WHAT IS NEEDED - Please copy exactly the part of the records below that opens with the line containing "Keep your phone" and closes with the line containing "产品内部具有 508L 超大空间,包括", leaving out any pictures.

RECORDS FOR PROCESSING -

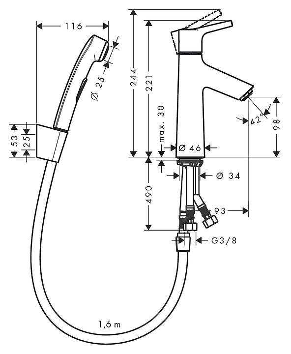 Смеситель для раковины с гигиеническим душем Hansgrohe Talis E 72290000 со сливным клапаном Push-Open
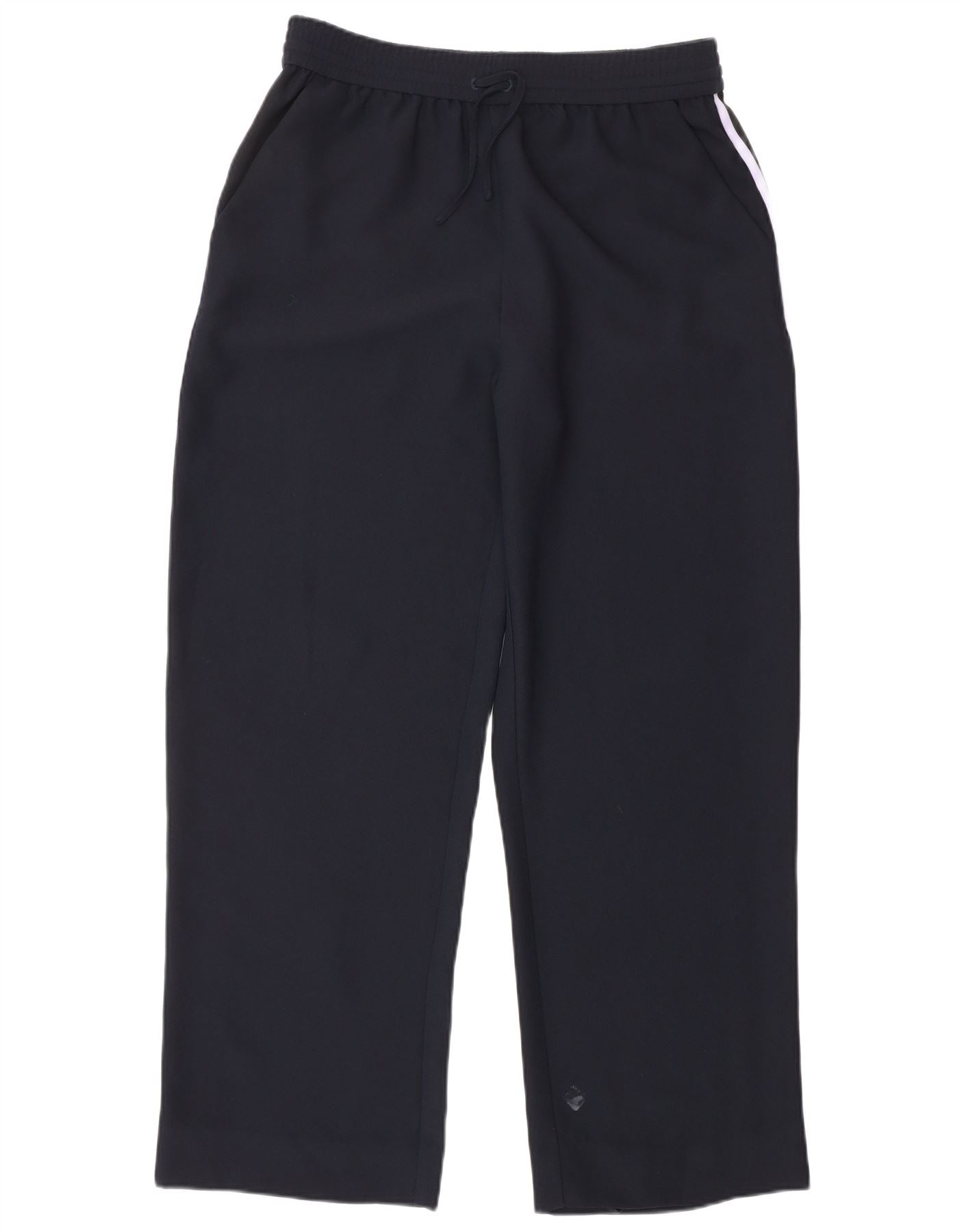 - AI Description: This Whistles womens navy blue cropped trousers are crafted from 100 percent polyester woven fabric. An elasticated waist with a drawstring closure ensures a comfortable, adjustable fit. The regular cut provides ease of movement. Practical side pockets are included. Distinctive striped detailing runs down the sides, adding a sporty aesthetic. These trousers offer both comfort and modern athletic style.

---

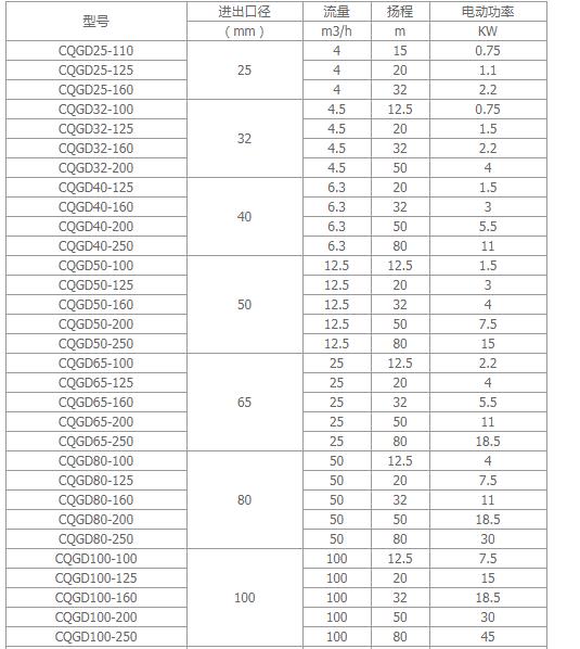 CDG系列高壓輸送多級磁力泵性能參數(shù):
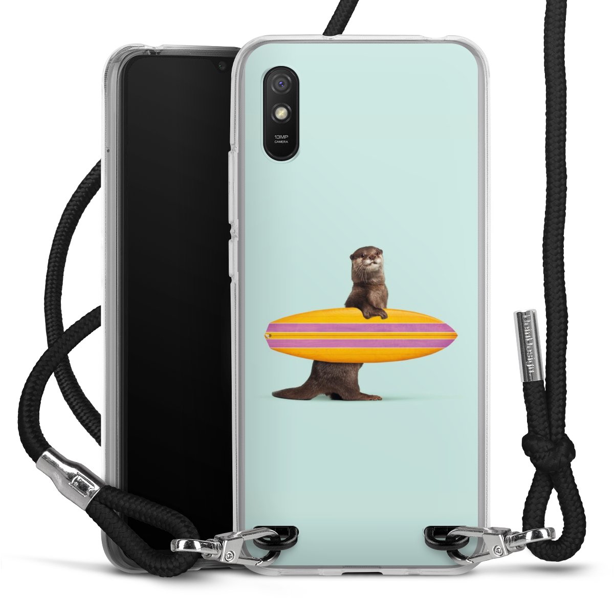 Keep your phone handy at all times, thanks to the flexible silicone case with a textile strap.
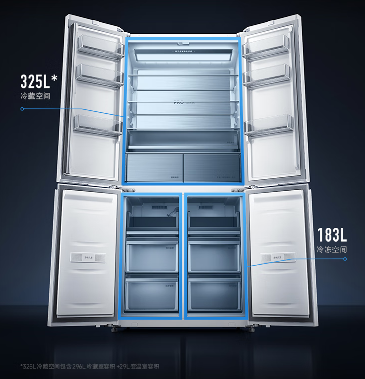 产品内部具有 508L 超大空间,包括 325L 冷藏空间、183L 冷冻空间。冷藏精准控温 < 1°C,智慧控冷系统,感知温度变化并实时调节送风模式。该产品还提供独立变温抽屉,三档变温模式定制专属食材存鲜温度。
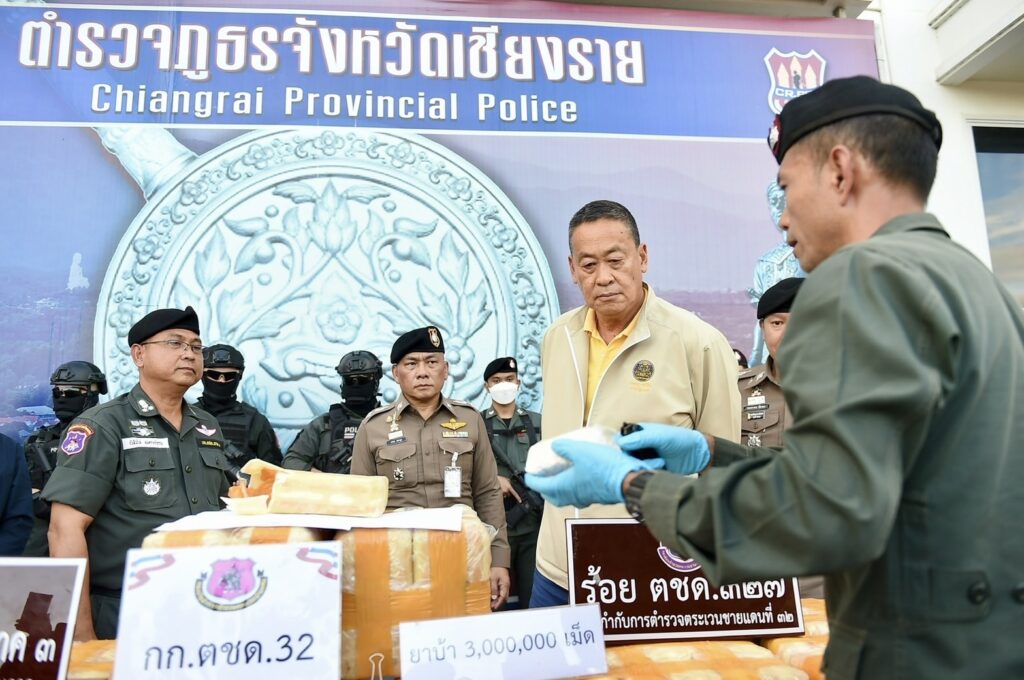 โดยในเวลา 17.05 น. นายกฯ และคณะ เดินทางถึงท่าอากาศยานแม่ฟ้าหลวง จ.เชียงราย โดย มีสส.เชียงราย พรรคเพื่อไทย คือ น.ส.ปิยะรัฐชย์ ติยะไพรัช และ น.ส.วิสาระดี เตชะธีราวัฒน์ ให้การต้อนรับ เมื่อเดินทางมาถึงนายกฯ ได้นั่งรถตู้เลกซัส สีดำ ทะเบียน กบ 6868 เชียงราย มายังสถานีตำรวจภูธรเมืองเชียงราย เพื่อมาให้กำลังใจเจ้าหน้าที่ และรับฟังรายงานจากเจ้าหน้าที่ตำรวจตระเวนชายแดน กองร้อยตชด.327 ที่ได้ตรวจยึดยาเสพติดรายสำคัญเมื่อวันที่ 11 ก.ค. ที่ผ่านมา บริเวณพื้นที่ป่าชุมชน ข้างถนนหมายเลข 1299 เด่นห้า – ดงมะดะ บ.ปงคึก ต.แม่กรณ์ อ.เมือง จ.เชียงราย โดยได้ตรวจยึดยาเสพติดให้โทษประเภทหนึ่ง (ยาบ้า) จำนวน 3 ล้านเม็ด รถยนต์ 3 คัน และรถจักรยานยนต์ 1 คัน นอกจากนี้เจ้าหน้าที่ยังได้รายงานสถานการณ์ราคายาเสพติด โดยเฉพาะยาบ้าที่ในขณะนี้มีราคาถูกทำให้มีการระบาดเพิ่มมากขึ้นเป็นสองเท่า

EXERCISE ANSWER -
 Keep your phone handy at all times, thanks to the flexible silicone case with a textile strap.
 产品内部具有 508L 超大空间,包括 325L 冷藏空间、183L 冷冻空间。冷藏精准控温 < 1°C,智慧控冷系统,感知温度变化并实时调节送风模式。该产品还提供独立变温抽屉,三档变温模式定制专属食材存鲜温度。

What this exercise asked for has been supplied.